In an interview with The Reporter’s Abraham Tekle, Getachew discussed Tigray’s political situation, the Pretoria Agreement, tensions between Ethiopia and Eritrea over sea access, third-party involvement in the region, and international efforts to address escalating tensions, among other critical issues.
Getachew, a close observer of Tigray’s political situation and regional geopolitics, stated that developments in the region remain fluid, tied to third-party interests. EXCERPTS:
The Reporter: Tigray is still recovering from the devastating 2020-2022 war, with unresolved displacement, famine-like conditions, political disputes, and a lack of full federal support adding to the problems. How do you assess the current humanitarian crisis and political situation in the region? What are the major obstacles to lasting peace and recovery?
Getachew Assefa (Prof.): It’s a very tough question. Not only in terms of what the way out is, but also even assessing the current situation, given that it changes every day and is complicated by a number of factors. You mentioned recovery, but I don’t think Tigray has a steady recovery of sorts because, as you know, immediately after the Pretoria Agreement, the internal politics in Tigray went into a downward spiral in terms of a power struggle, and in terms of not knowing, at least from what I see from outside, how to prioritize the issues related to what the people had gone through during the genocidal war.
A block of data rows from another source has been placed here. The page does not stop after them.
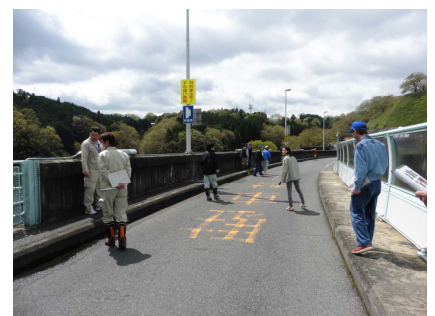
(参考) 昨年の点検実施状況
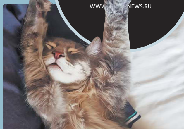
«Это американский кёрл Йогурт, спит после поскоакушек», — пишет Светлана.
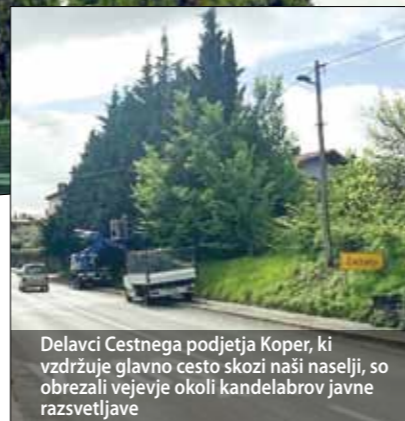
Delavci Cestnega podjetja Koper, ki vzdržuje glavno cesto skozi naši naselji, so obrezali vejevje okoli kandelabrov javne razsvetljave
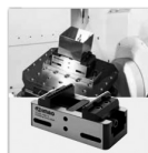
セントラルリングクランプ P.1
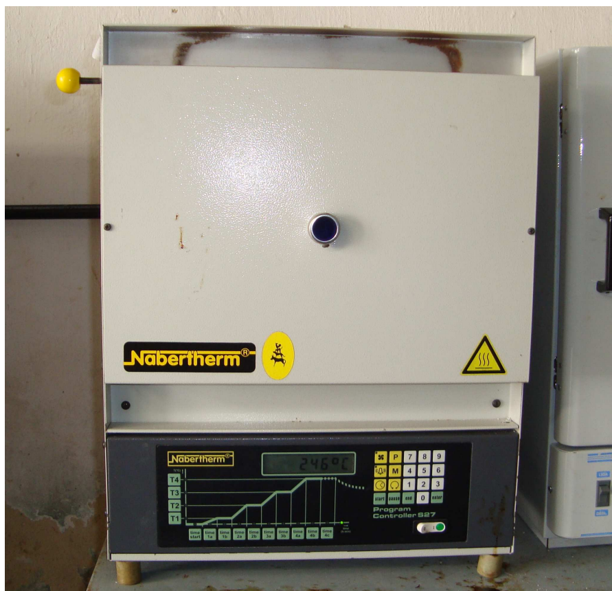
Figura 5 – Mufla.
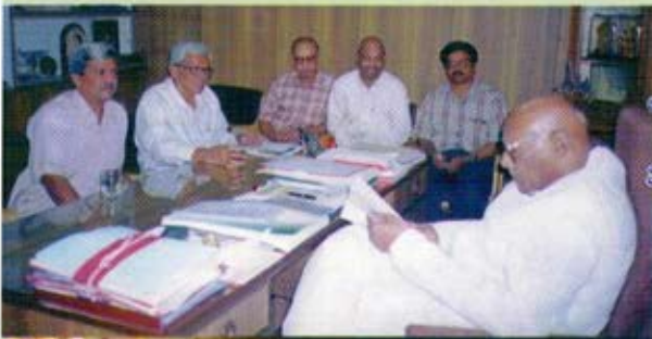
వాస్తుపేరుతో జరిగే ప్రజాధన దుర్వినియోగాన్ని ఆపేలా చర్యలు తీసుకోవాలని కోరుతూ నాటి అర్ధికమంత్రి కె.రోశయ్యగారికి చినతిపత్రం సమర్పణ (13-6-2009)
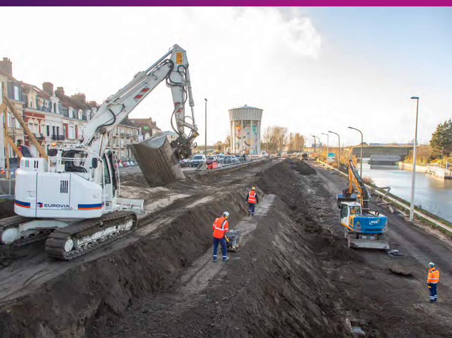
Vue aérienne des travaux engagés quai du Danube Décembre 2020
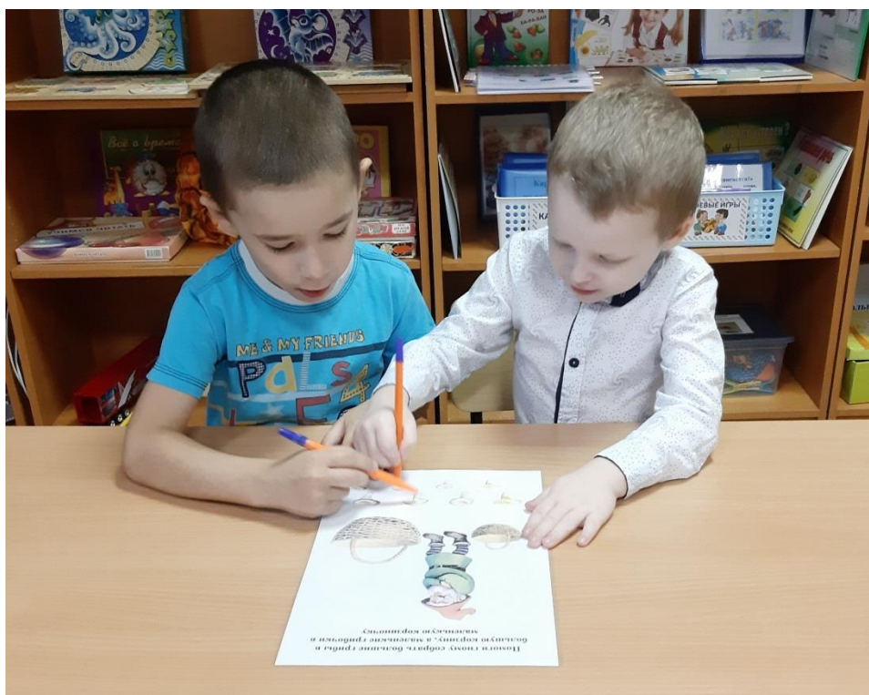
Игра «Большой – маленький»
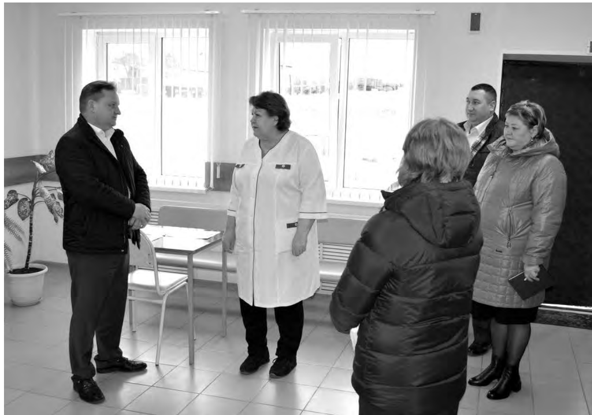
Члены рабочей группы во время посещения офиса семейного врача.

Вячеслав ГЛАДКОВ, губернатор Белгородской области.
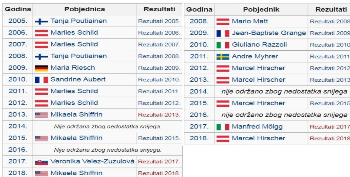
Slika 13: Muški i ženski pobjednici od osnivanja utrke
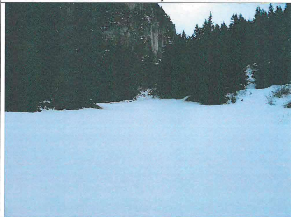
Vue en direction du Sud-Ouest / Le 15 décembre 2020
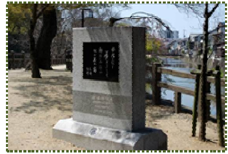
写真-13 忠刻・千姫の歌碑
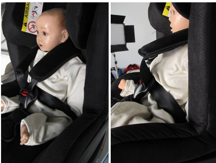
Ilustración 2: En la Hauck Varioguard un recién nacido no queda sujeto de forma segura

La Hauck Varioguard, apta desde el nacimiento, va equipada con arneses de cinco puntos. La altura de las guías de los arneses se puede ajustar al tamaño del niño junto con el reposacabezas integrado. Tirando del regulador central de la correa se puede ajustar el cinturón de tal forma que se ajuste lo más estrechamente posible al cuerpo del bebé. Para los recién nacidos, sin embargo, el arnés no se puede ajustar tanto como para que sujete al niño de forma segura (ver Ilustración 2). Por ello, recibió una calificación de "insuficiente" en cuanto al criterio de ajuste del cinturón del SRI. El reductor de asiento que se menciona en el manual, con el cual se reduce la holgura del cinturón, no se incluía en el producto de prueba que se envió.
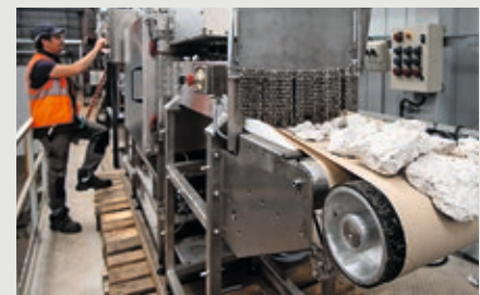
Un procédé de traitement à Plat'Inn.

Cette plateforme permet une grande flexibilité dans les études et se caractérise par la diversité des essais qui y sont menés – échantillonnage, comminution, séparations physiques et physico-chimiques, traitements thermiques, hydrométallurgie –, avec une forte composante sur la partie dissolution et la catalyse bactérienne, et par la diversité des objets qui y sont traités
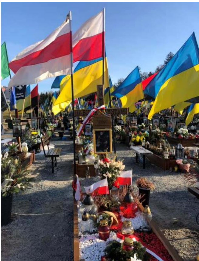
Марсове поле: поруч польські і українські прапори

– Він приходиться на похорони воїнів дуже часто, – чую від людей. Після молитви військові виносять труни. Хлопці будуть поховані на Марсовому полі біля Личаківського цвинтаря. У храмі увагу привертають стенди із сотнями фотографій. Це ті, хто загинув, боронячи Україну та внаслідок обстрілів ракетами чи артилерією, після атак дронів. Там фотографії дорослих чоловіків і жінок, дівчат і хлопців, людей похилого віку. Ще більше сліз на-
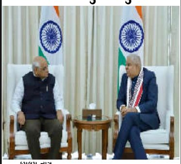
કમલમ્ ન્યૂઝ, ગુજરાતના મુખ્યમંત્રી તરીકેનો કાર્યભાર સંભાળ્યા બાદ શ્રી ભૂપેન્દ્ર પટેલે ઉપરાષ્ટ્રપતિ શ્રી જાદેવ ધનપાડ સાથે પ્રથમ શુભેચ્છા મુલાકાત દિલ્હી ખાતે કરી હતી. મુખ્યમંત્રી શ્રી ભૂપેન્દ્ર પટેલે તેમના એક દિવસીય દિલ્હી પ્રવાસ દરમિયાન ભારતના ઉપરાષ્ટ્રપતિ શ્રી જાદેવ ધનપાડની આ શુભેચ્છા મુલાકાત કરી હતી. ઉપરાષ્ટ્રપતિ શ્રી જાદેવ ધનપાડે શ્રી ભૂપેન્દ્ર પટેલને સતત બીજાવાર ગુજરાતના મુખ્યમંત્રી તરીકેની જવાબદારી સંભાળવા બદલ અભિનંદન આપી શુભેચ્છાઓ પાઠવી હતી.
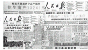
全国各地高产丰产的报道
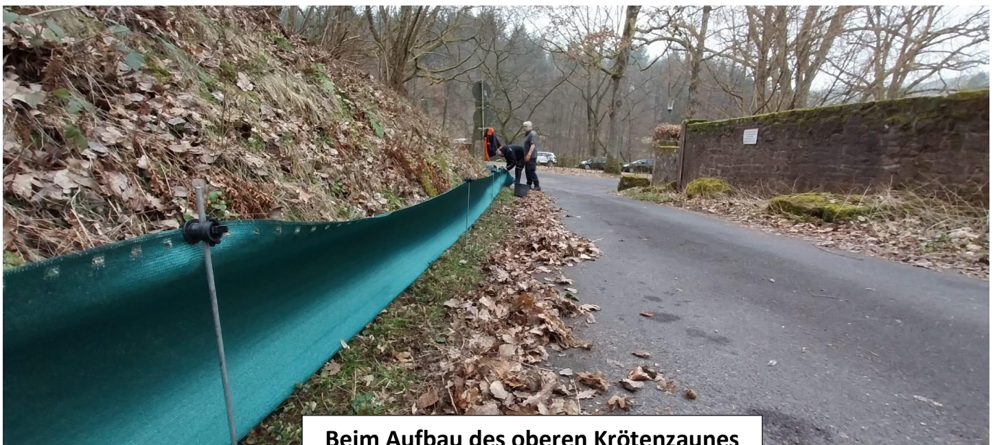
Beim Aufbau des oberen Krötenzaunes am 5. März in der Schlossallee!
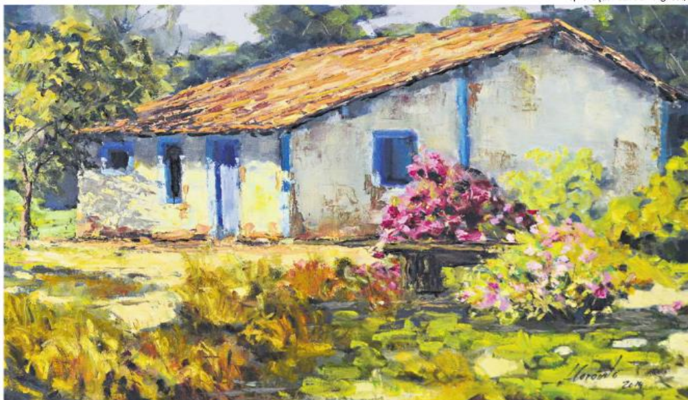
Obras com técnicas e estilos diversos estão expostas na Escola Bauhaus até 14 de junho
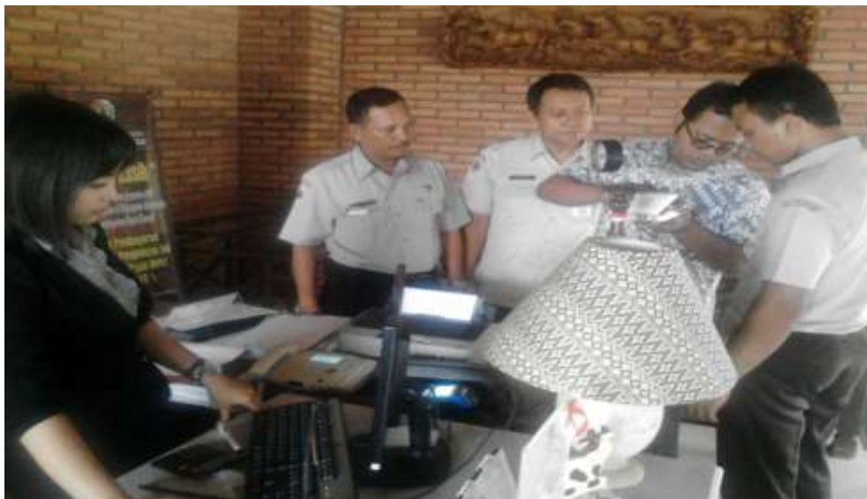
Monitoring di Hotel Royal Trawas & Cottages

Monitoring implementasi operasional perangkat Si-TaBo ”
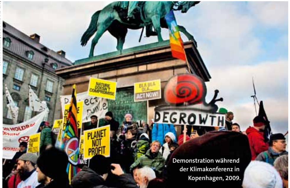
Demonstration während der Klimakonferenz in Kopenhagen, 2009.
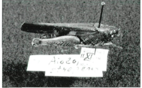
Abb. 2: Aiolopus strepens ♀, 11.11.1950, Graz-Gösting, Steiermark
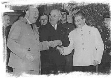
Churchill, Truman y Stalin

1. Nosotros, Presidente de los Estados Unidos de América, Presidente del Gobierno Nacional de la República de China y Primer Ministro de la Gran Bretaña, re presentando a centenares de millones de nuestros compatriotas, conferenciamos y convinimos que debe darse una ocasión al Japón para poner término a la presente guerra.
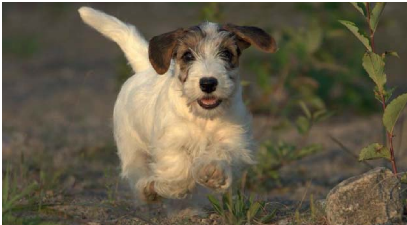
Full fart framåt på korta ben.

Sealyhamterrier kräver en regelbunden kamning och borstning för att ta bort lösa hår och att förhindra pälsen att bli glanslös. Den skall trimmas regelbundet men det kan vara svårt idag att hitta yrkesmässig kompetens. Scandinavian Sealyham Society anordnar emellanåt trimkurser med kunnig ledning och det har varit uppskattade aktiviteter. Det är ju alltid roligare och mer stimulerande att lära sig saker i grupp. Sealyhampälsar kan ha olika beskaffenhet med varierande mängd underull. Det kan vara mödan värt att få sin hund korrekt trimmad då detta krävs för att den ska få det rätta rastypiska utseendet. Har man tänkt ställa ut sin Sealyham är det av högsta vikt att pälsen är noggrant trimmad och skött då detta betyder mycket för helhetsintrycket och kan vara avgörande för resultatet i utställningsringen.
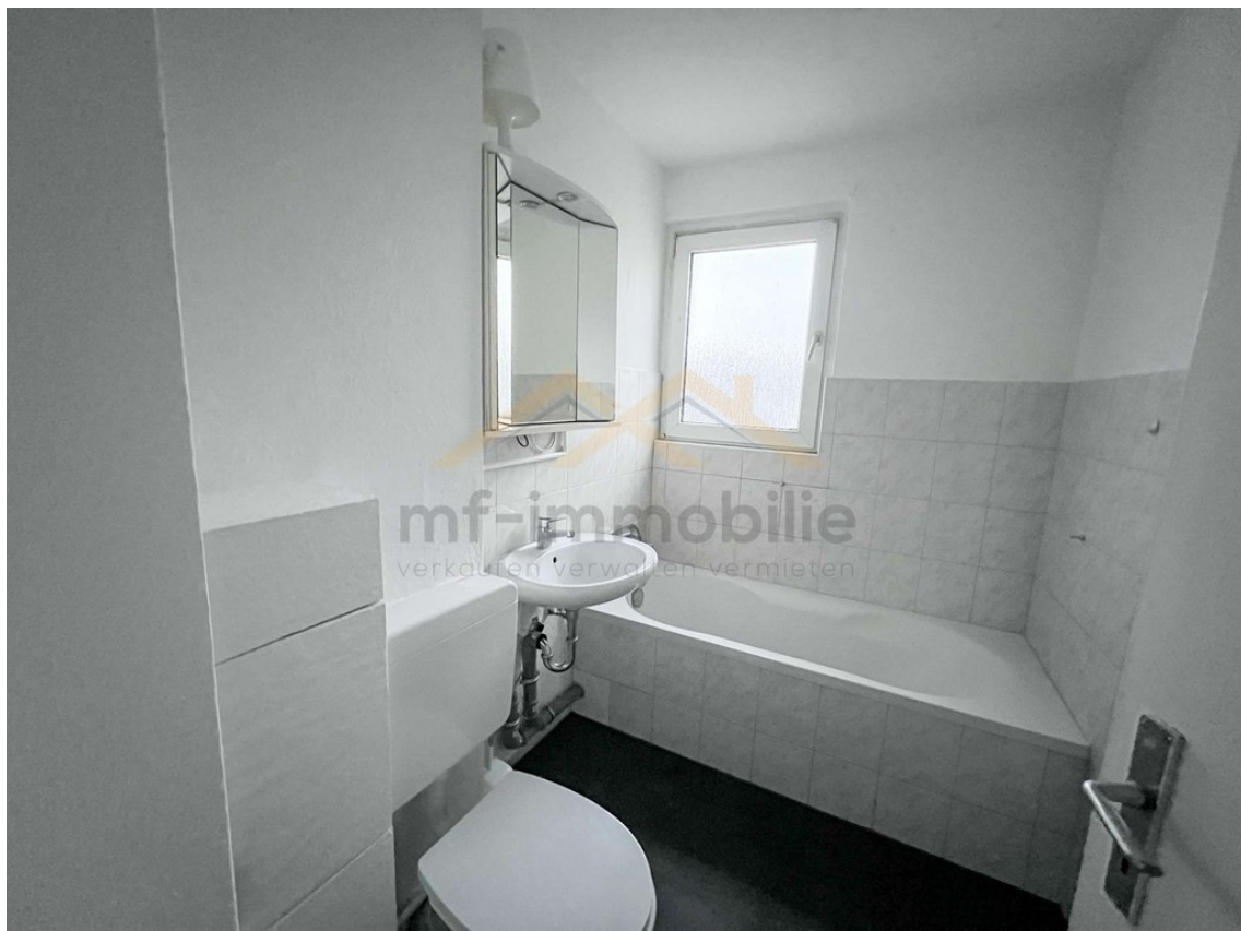
Wohnung Berliner Ring-14
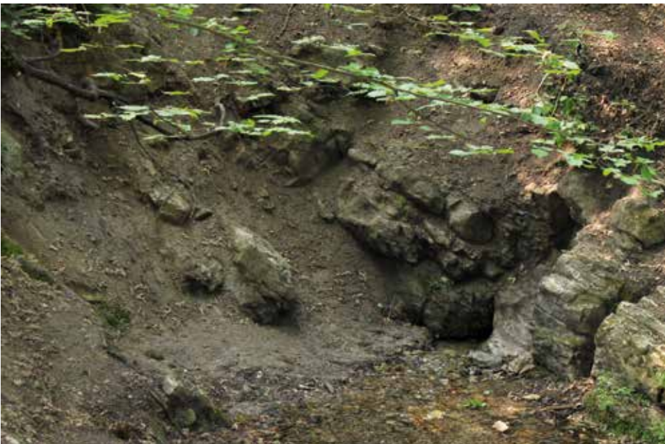
Abb. 3: Oberer Quellbereich der Retlage im Bereich der Dörenschlucht.
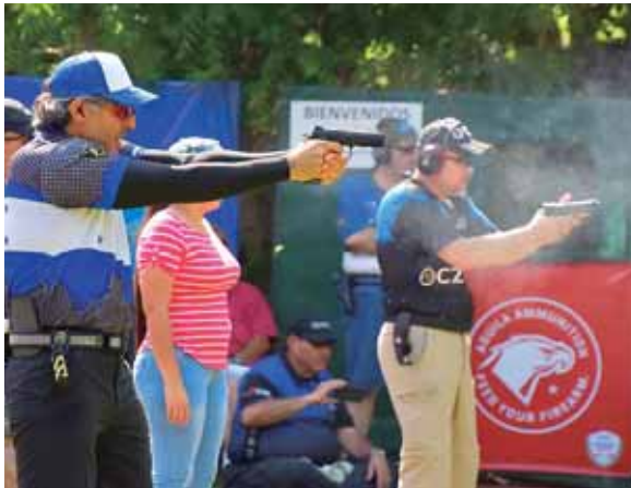
Cada uno de los competidores trató de dar en el blanco y obtener la mayor cantidad de puntaje.

SANPEROSULA. Competitivo y de buen nivel, resultó el torneo de tiro deportivo Copa La Armería Águila, bajo la modalidad internacional IPSC.
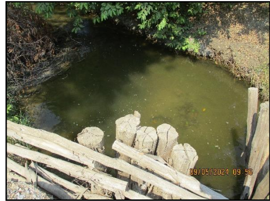
ภาพที่ 2.9 คูระบายน้ำด้านนอกคันทำนบ
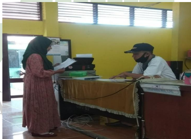
WAWANCARA WAKA KURIKULUM
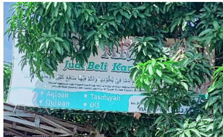
صورة لوحة الدكان العربية لبيع المعازر

On top of that, we still have a large number—maybe now close to a million—internally displaced people [IDPs], and 40 percent of the constitutional territory is still outside the administration. All that only highlights that the leaders—whether within the TPLF factions or outside them, even the broader political elite, I would say—they never, in my assessment, focus on what is important.
What we are seeing now is not only the problems and suffering related to the past war, which are still unresolved, but also that a new war is on the horizon. And again, I don’t even see—although naturally I’m an optimistic person—I don’t see how Tigray and the entire region would be out of what is coming, in terms of this looming regional war between Ethiopia and Eritrea.
The TPLF has faced internal divisions and weakening influence since the Pretoria Agreement. How are these internal dynamics affecting Tigray’s political cohesion?
The TPLF has failed to act as a party, even though it is a political party. It at times acts as if it’s a government, sometimes as if it’s a state, and even at times it acts as if it’s a people. So there has been some confusion, I would say, unintentional confusion between party and government, party and state, and party and people. That has led to the current situation where internal factionalism within the party—which shouldn’t have affected the entire region or the entire people—has in fact significantly impacted them, because the party controls the narrative. It used to control the media; it even controls the structure, the flow, the social fabric. That nature and history of the party have led to the current situation where nobody seems able to come up with a way out or a solution.
You mentioned the Pretoria Agreement. I mean, the biggest blame, in terms of not fulfilling it lies with the federal government. But of course, if there were internal clarity, if there were no internal power struggle, one could argue that there would have been a stronger and more coordinated push on the federal government through the existing mechanisms—through the guarantors of the agreement, and so on and so forth.
But again, outside of lip service and PR, I don’t think the TPLF, the factions within it, or the interim state government have done enough to push the federal government to fulfill its part.
Building on that, could you provide your reflections on the present state of the relationship between TPLF and the federal government?
The National Election Board has deregistered the TPLF, so I don’t even know if we can legally talk about the party, given that its party status has been revoked by the Board. That, I think, complicates a lot of things.
At the same time, as we speak today—as you might have followed—we’ve seen that the US Ambassador to Addis went to Shire to meet the party leaders. I’m sure he is addressing them as party leaders, though we haven’t had access to the details; we were not privy to what they really discussed, what he told them, or what they told him. He also met the army leaders, so that, I think, may give us some indication in the next few hours or days about where things are heading.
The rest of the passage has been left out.